*Required action*
An exact copy of the listing below is the answer, with the pictures removed.
※ ※ ※
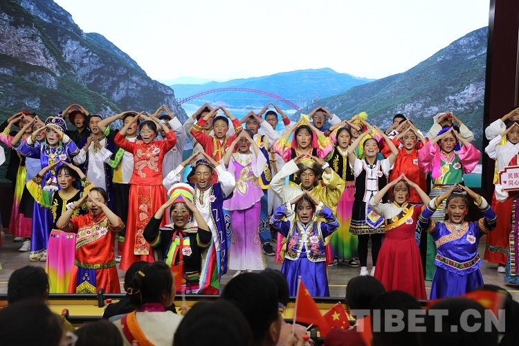活動(dòng)中,同學(xué)們用藏漢雙語傾情朗誦《石榴籽心連心,民族團(tuán)結(jié)一家親》,深情表達(dá)了對(duì)偉大祖國深沉熱烈的愛、對(duì)維護(hù)民族團(tuán)結(jié)堅(jiān)定的信心和決心。山南邊境管理支隊(duì)浪卡子邊境管理大隊(duì)教導(dǎo)員索朗達(dá)杰同志通過講述邊防部隊(duì)愛邊守邊、加強(qiáng)民族團(tuán)結(jié)的故事,將無數(shù)邊防戰(zhàn)士守衛(wèi)國境線、捍衛(wèi)國家領(lǐng)土、維護(hù)民族團(tuán)結(jié)的時(shí)代縮影呈現(xiàn)給大家;舞蹈《洗衣歌》生動(dòng)反映了軍民魚水深情;原雙湖縣中心小學(xué)教師、西藏自治區(qū)民族團(tuán)結(jié)先進(jìn)代表曹小花老師分享了自己在那曲雙湖縣堅(jiān)守12年基礎(chǔ)教育,踐行民族團(tuán)結(jié)的感人經(jīng)歷,在坐的師生深受感動(dòng);索朗頓珠同志講述了卓嘎、央宗姐妹作為“神圣國土的守護(hù)者”堅(jiān)守玉麥三人鄉(xiāng),踐行“國是中國 家是玉麥”的感人故事!在活動(dòng)中,56名同學(xué)身著各民族服裝伴著手語飽含深情地演繹了《國家》,用指尖唱出對(duì)家的依賴、國的熱愛;朗誦《請(qǐng)黨放心,強(qiáng)國有我》鏗鏘有力的展現(xiàn)了新一代西藏團(tuán)員青年在黨的領(lǐng)導(dǎo)下,加強(qiáng)民族團(tuán)結(jié)、建設(shè)美麗西藏的青春誓言!最后,活動(dòng)在全體團(tuán)員青年重溫入團(tuán)誓詞中結(jié)束。
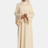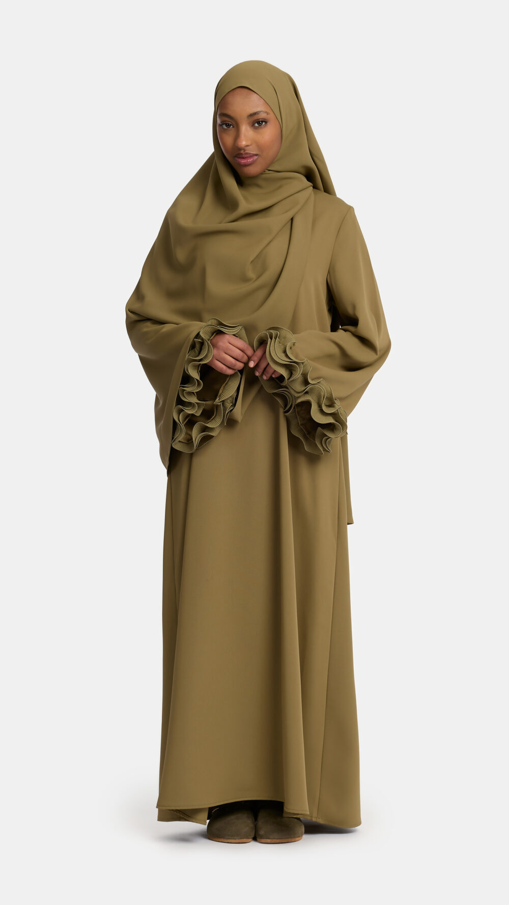 De gekrulde chiffon op de mouwen geeft de abaya een verfijnde en luxueuze uitstraling. In combinatie met de elegante V-hals en de wijde mouwen met gekruld chiffon-design ontstaat een stijlvolle en bescheiden look.
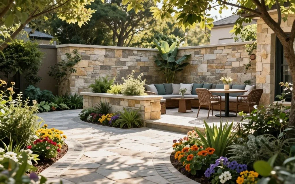 Retaining walls manage slopes and create usable planting beds. They turn challenging terrain into beautiful, functional areas. These structures can also provide additional seating when designed with wide caps.
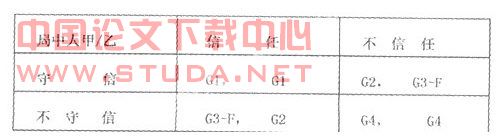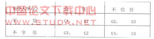 该模型展示了两种不同的情形:情形一:开始甲乙分别选择守信和信任,此是双方都得到G1的收益。此情形将一直延续到一方改变初衷。此时不守信(不信任)方得到G3-G2的超额收益,而守信(信任)方只能得到G2的收益,收益差的存在将导致双方都选择不守信(不信任),各得G4的收益。情形二:甲乙一开始都选择不守信、不信任,这时达到纳什均衡,各得G4的收益。该博弈处于稳定状态,并将持续下去。
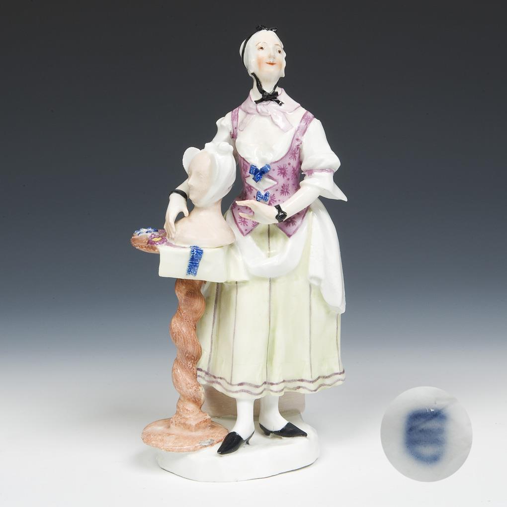Model attributed to Johann Joseph Niedermeyer. Pendant to "Wigmaker". Painted in color. Bossierer letter P, painter's number 13, binding plate. Tablecloth, a foot, a blouse tip, a hat tip, bows restored, base minimally bumped, small burn crack on the edge of the base.
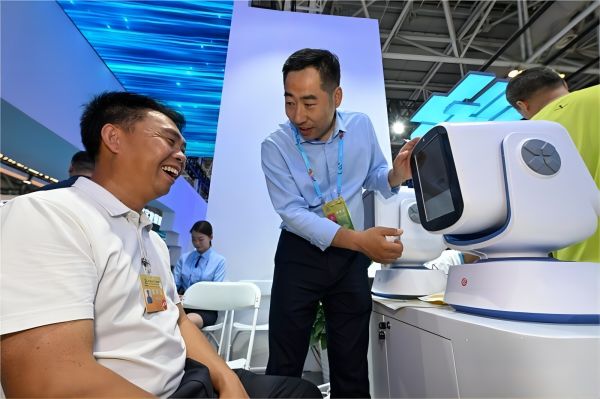 數(shù)字山東館內(nèi),觀眾在體驗(yàn)家庭健康管理機(jī)器人
※ ※ ※
*Reply to the task*
活動(dòng)中,同學(xué)們用藏漢雙語傾情朗誦《石榴籽心連心,民族團(tuán)結(jié)一家親》,深情表達(dá)了對(duì)偉大祖國深沉熱烈的愛、對(duì)維護(hù)民族團(tuán)結(jié)堅(jiān)定的信心和決心。山南邊境管理支隊(duì)浪卡子邊境管理大隊(duì)教導(dǎo)員索朗達(dá)杰同志通過講述邊防部隊(duì)愛邊守邊、加強(qiáng)民族團(tuán)結(jié)的故事,將無數(shù)邊防戰(zhàn)士守衛(wèi)國境線、捍衛(wèi)國家領(lǐng)土、維護(hù)民族團(tuán)結(jié)的時(shí)代縮影呈現(xiàn)給大家;舞蹈《洗衣歌》生動(dòng)反映了軍民魚水深情;原雙湖縣中心小學(xué)教師、西藏自治區(qū)民族團(tuán)結(jié)先進(jìn)代表曹小花老師分享了自己在那曲雙湖縣堅(jiān)守12年基礎(chǔ)教育,踐行民族團(tuán)結(jié)的感人經(jīng)歷,在坐的師生深受感動(dòng);索朗頓珠同志講述了卓嘎、央宗姐妹作為“神圣國土的守護(hù)者”堅(jiān)守玉麥三人鄉(xiāng),踐行“國是中國 家是玉麥”的感人故事!在活動(dòng)中,56名同學(xué)身著各民族服裝伴著手語飽含深情地演繹了《國家》,用指尖唱出對(duì)家的依賴、國的熱愛;朗誦《請(qǐng)黨放心,強(qiáng)國有我》鏗鏘有力的展現(xiàn)了新一代西藏團(tuán)員青年在黨的領(lǐng)導(dǎo)下,加強(qiáng)民族團(tuán)結(jié)、建設(shè)美麗西藏的青春誓言!最后,活動(dòng)在全體團(tuán)員青年重溫入團(tuán)誓詞中結(jié)束。
 De gekrulde chiffon op de mouwen geeft de abaya een verfijnde en luxueuze uitstraling. In combinatie met de elegante V-hals en de wijde mouwen met gekruld chiffon-design ontstaat een stijlvolle en bescheiden look.
 Retaining walls manage slopes and create usable planting beds. They turn challenging terrain into beautiful, functional areas. These structures can also provide additional seating when designed with wide caps.
 该模型展示了两种不同的情形:情形一:开始甲乙分别选择守信和信任,此是双方都得到G1的收益。此情形将一直延续到一方改变初衷。此时不守信(不信任)方得到G3-G2的超额收益,而守信(信任)方只能得到G2的收益,收益差的存在将导致双方都选择不守信(不信任),各得G4的收益。情形二:甲乙一开始都选择不守信、不信任,这时达到纳什均衡,各得G4的收益。该博弈处于稳定状态,并将持续下去。
Model attributed to Johann Joseph Niedermeyer. Pendant to "Wigmaker". Painted in color. Bossierer letter P, painter's number 13, binding plate. Tablecloth, a foot, a blouse tip, a hat tip, bows restored, base minimally bumped, small burn crack on the edge of the base.
 數(shù)字山東館內(nèi),觀眾在體驗(yàn)家庭健康管理機(jī)器人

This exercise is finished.